As a management tool, Radical Candor is applied on a personal relationship level, focusing on feedback. ‘Caring Personally, whilst Challenging Deeply’. It has for many become the hallmark of a good manager. But it can be a problematic framework, when viewed through the lens of hierarchy and power dynamics. There is little mention of the two-way nature of that feedback and that Radical Candor is essentially additive to the existing leadership model, not challenging its very nature. On a side note, the Dependable Candor described here by Richard Claydon is an interesting alternative to dig in to.

When elevated to the organisational level, Radical Candor takes on a new energy, where we engage all employees in a two-way dialogue about the challenges the business is facing in the tech, services, products, skills and capability layers, and where we can be honest about our responsibilities, not chip away at the commitment, time or resources needed from leaders and managers to make transformation work.

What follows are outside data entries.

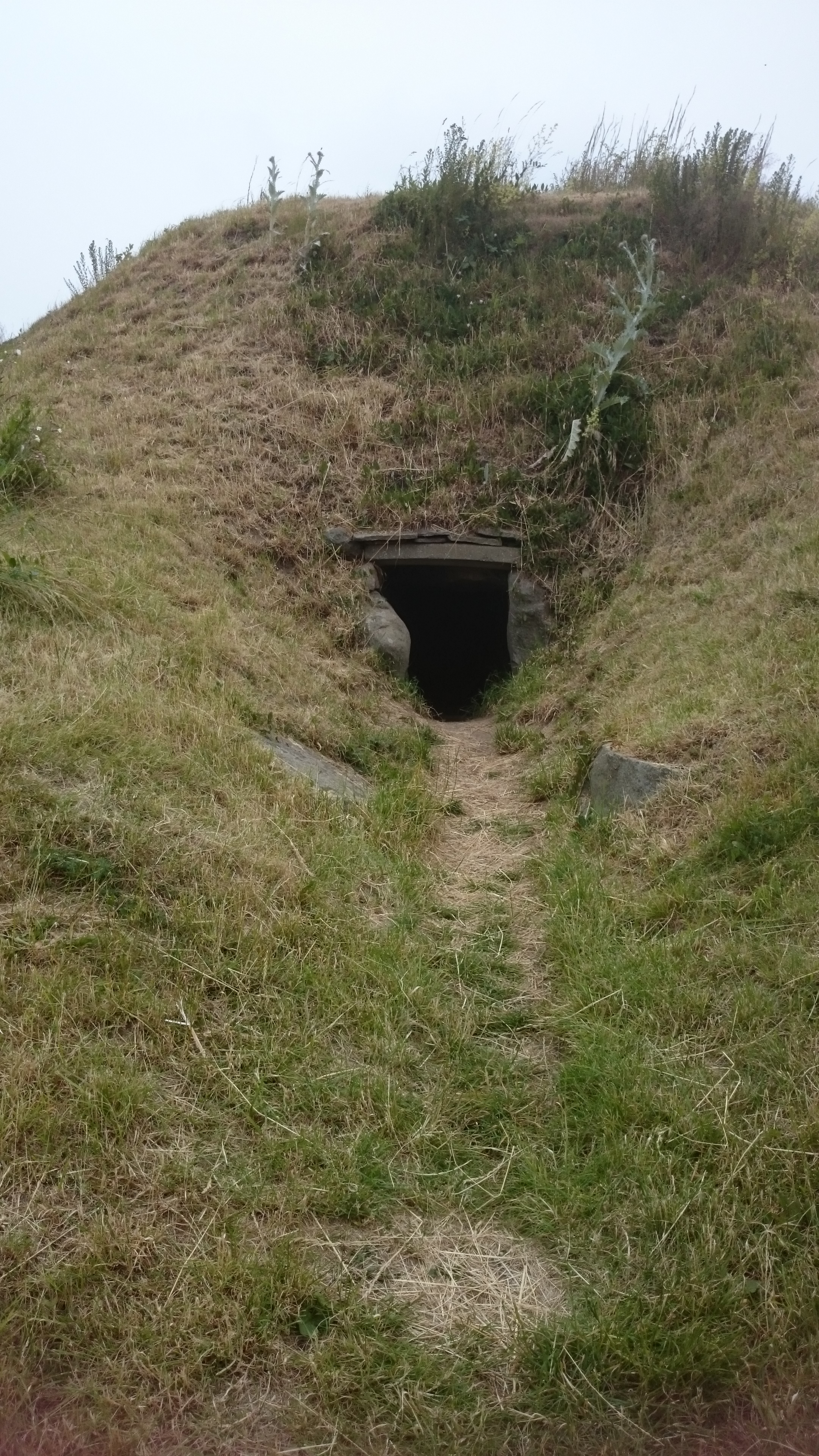 Tumuli in Denmark called Glentehøj. Near Kragenæs on north western Lolland.
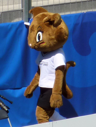 2011 Women's World Cup mascot "Karla Kick" Cropped from File:KarlaKick.jpg
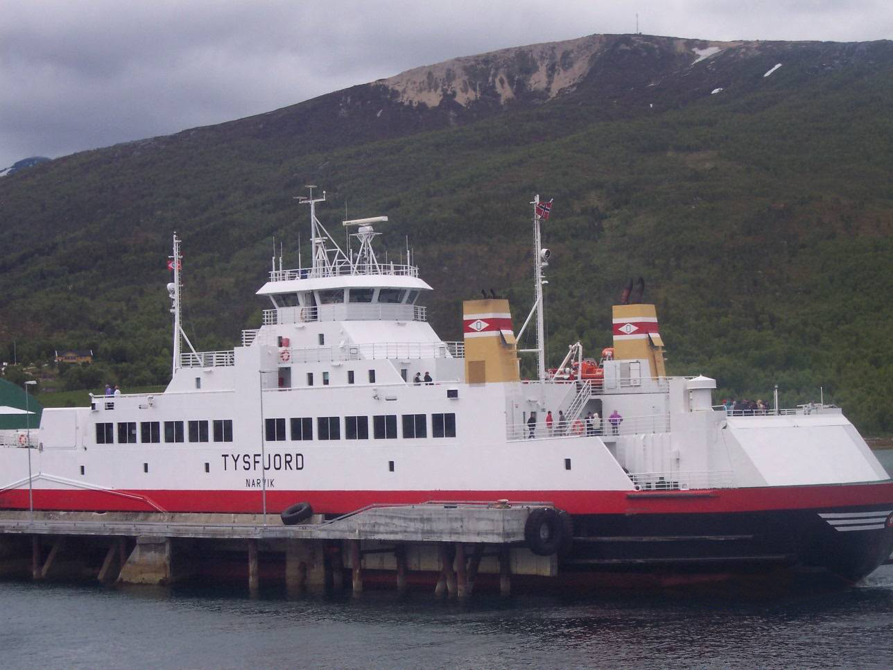 the ferry serving Bognes and Lødingen, Norway.

These conversations need to be facilitated from all areas of the organisation, through networks and communities, at all levels. A good place to start are the internal volunteer networks of change agents that are responsible for grassroots change, as they are already actively engaging their teams in the day-to-day challenges of digital and thus often have first-hand experience of the true impact of the cult of bare minimum learning.

Here are two conversation prompts that I think L&D could embrace to test the waters of organisational Radical Candor:

1. Let’s talk about why building digital skills isn’t enough to ensure employability

This is a conversation that I would love to see L&D initiate with employees. Learning individual digital skills is something that almost every employee is engaged with among some of the clients we have the privilege of working with – whether it is creating adoption of digital products, agility, designing digital services, data-driven decision-making or design thinking. These individual skills are needed to function and deliver in the new reality.

And whilst L&D continue to focus on KPI-friendly digital skills training and managers seek to minimise the time allocated to learning in favour of delivery, a new breed of digitally-savvy workers are looking around their teams and wondering how this can be enough to architect a new future org – and of course, it isn’t. Whilst individual skills will get you a good role, it will not help you fly. For that, we need to embrace building new capabilities, using our new skills. Capabilities need us to focus on a whole stack of skills, plus mindsets, ideas and emerging technology.

Organisations finding themselves without the workforce they need increasingly turn to partnerships, consultancies and third-parties to fill these capability gaps, making employees feel vulnerable and stuck in their legacy roles. The few with the sponsorship, knowledge or position to be a part of the future are too busy to turn around and help those trying to rise behind them.

So, individuals need to demand more from their learning experiences. Which brings me to the second conversation that needs to happen…

2. Let’s talk about the myth of driving your own career

This is one of those discussion I think employees need to have with L&D. On the surface, the increasingly popular mantras of ‘own your professional development’ and ‘being in the driving seat of your career’ are empowering and desirable in an organisation seeking to build a continuous learning culture.

But this complete change in power dynamic is unrealistic without a new kind of support. It is absolving the organisation of its half of the professional growth contract – it is true that you can’t make someone grow, but it is also true that employees do not have the same access to future strategy discussions to understand the bigger capability requirements of an organisation. You cannot grow to be what you cannot see – we need visibility and role models to help us.

We may have access to more learning content than we can absorb in a lifetime, but we need guidance, opportunities and more than just a nudge in the direction of the right mindset to ensure that our growth plan is coherent.

 

After school we never helped to re-tool for continuous learning. Nobody teaches us how to learn in this different environment, where theory is of limited value and opportunities to experiment and practice require sponsorship from above.

Without this retooling, the divides present in our society are further entrenched inside our organisations. Those who grew up without access to coaches and mentors continue their career building without sponsorship. Those who were first-generation university graduates continue to have to forge brand new paths, with limited understanding from their families of the burdens they carry.

We must reset this playing field for all employees, so that everyone understands how to find sponsors, coaches and mentors, how to set big goals, how to ask probing questions about org strategy and future needs, how to build or find a movement and how to partner and demand excellence from those corporate departments that must support them. Our learning experiences must support and provide this.

These are just two of the tough conversations needed, from one corporate function. Just imagine the change we could bring about by investing some time in org-wide Radical Candor across the board!

So, what org-wide radical discussions would you like to see initiated? Which corporate function needs to embrace Radical Candor and stop pretending that the bare minimum will be sufficient for survival?